## Record excerpts
• • • • •
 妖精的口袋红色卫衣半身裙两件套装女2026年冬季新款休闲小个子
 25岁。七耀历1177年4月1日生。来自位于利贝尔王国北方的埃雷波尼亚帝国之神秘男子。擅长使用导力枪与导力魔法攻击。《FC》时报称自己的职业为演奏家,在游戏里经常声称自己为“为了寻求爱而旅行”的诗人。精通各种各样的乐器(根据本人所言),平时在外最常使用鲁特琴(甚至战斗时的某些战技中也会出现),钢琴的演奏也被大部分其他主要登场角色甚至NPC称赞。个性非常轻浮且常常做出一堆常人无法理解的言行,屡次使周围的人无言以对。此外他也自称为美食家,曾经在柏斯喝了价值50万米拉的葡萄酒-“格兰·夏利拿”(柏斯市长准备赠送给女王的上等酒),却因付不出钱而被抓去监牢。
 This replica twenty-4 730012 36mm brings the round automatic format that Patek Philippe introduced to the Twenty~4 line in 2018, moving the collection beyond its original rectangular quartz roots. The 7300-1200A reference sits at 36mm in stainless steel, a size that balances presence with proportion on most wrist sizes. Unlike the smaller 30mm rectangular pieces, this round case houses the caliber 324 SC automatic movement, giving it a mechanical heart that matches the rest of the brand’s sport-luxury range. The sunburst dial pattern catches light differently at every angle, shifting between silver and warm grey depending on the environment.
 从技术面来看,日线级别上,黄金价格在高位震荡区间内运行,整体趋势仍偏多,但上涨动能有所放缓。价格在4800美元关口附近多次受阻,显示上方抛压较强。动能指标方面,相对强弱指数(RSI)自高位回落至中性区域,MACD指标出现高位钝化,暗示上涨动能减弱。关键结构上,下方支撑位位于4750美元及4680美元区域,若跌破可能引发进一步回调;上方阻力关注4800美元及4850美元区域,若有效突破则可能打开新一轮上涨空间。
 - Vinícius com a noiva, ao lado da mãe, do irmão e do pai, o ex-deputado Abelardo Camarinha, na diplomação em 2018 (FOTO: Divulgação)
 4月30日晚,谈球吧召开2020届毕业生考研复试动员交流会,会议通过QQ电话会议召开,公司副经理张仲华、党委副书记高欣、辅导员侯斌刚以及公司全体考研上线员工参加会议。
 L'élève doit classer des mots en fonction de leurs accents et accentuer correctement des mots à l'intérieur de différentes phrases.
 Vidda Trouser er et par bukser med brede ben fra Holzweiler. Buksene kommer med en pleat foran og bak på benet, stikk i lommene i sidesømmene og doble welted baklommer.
• • • • •
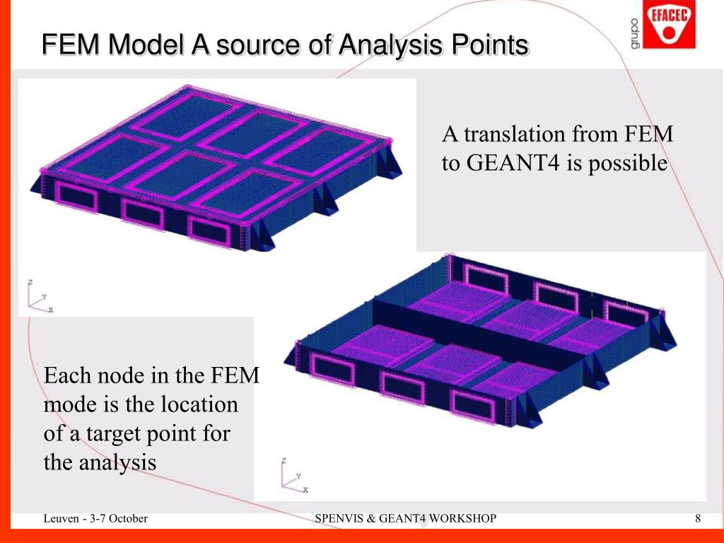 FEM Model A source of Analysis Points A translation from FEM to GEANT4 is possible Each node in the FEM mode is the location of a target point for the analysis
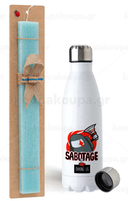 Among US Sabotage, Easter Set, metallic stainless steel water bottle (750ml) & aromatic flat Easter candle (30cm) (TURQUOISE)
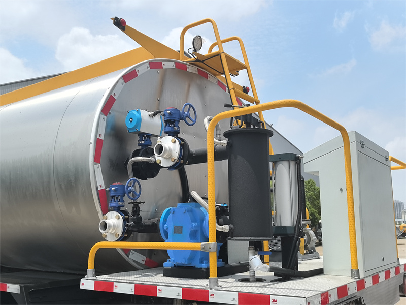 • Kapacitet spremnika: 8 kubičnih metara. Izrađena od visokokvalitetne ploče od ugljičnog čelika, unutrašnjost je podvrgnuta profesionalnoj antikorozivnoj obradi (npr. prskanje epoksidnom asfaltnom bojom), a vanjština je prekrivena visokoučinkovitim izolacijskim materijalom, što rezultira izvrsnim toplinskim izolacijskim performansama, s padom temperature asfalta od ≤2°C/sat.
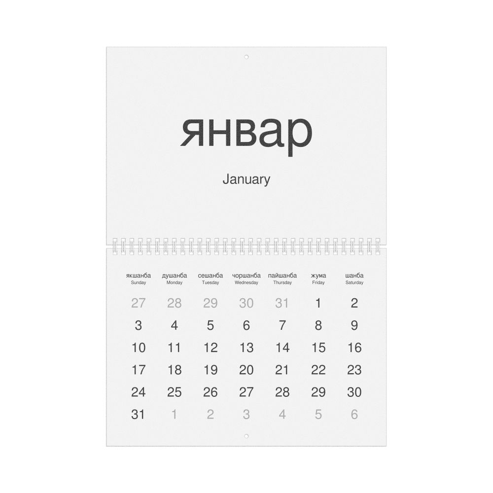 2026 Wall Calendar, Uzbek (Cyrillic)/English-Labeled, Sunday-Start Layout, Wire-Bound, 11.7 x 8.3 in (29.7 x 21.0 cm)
• • • • •
## What the exercise asks
Among the entries above, copy exactly the stretch from the line holding "Among US Sabotage, Easter" through the line holding "2026 Wall Calendar, Uzbek", leaving out any pictures.

## Reply
 Among US Sabotage, Easter Set, metallic stainless steel water bottle (750ml) & aromatic flat Easter candle (30cm) (TURQUOISE)
 • Kapacitet spremnika: 8 kubičnih metara. Izrađena od visokokvalitetne ploče od ugljičnog čelika, unutrašnjost je podvrgnuta profesionalnoj antikorozivnoj obradi (npr. prskanje epoksidnom asfaltnom bojom), a vanjština je prekrivena visokoučinkovitim izolacijskim materijalom, što rezultira izvrsnim toplinskim izolacijskim performansama, s padom temperature asfalta od ≤2°C/sat.
 2026 Wall Calendar, Uzbek (Cyrillic)/English-Labeled, Sunday-Start Layout, Wire-Bound, 11.7 x 8.3 in (29.7 x 21.0 cm)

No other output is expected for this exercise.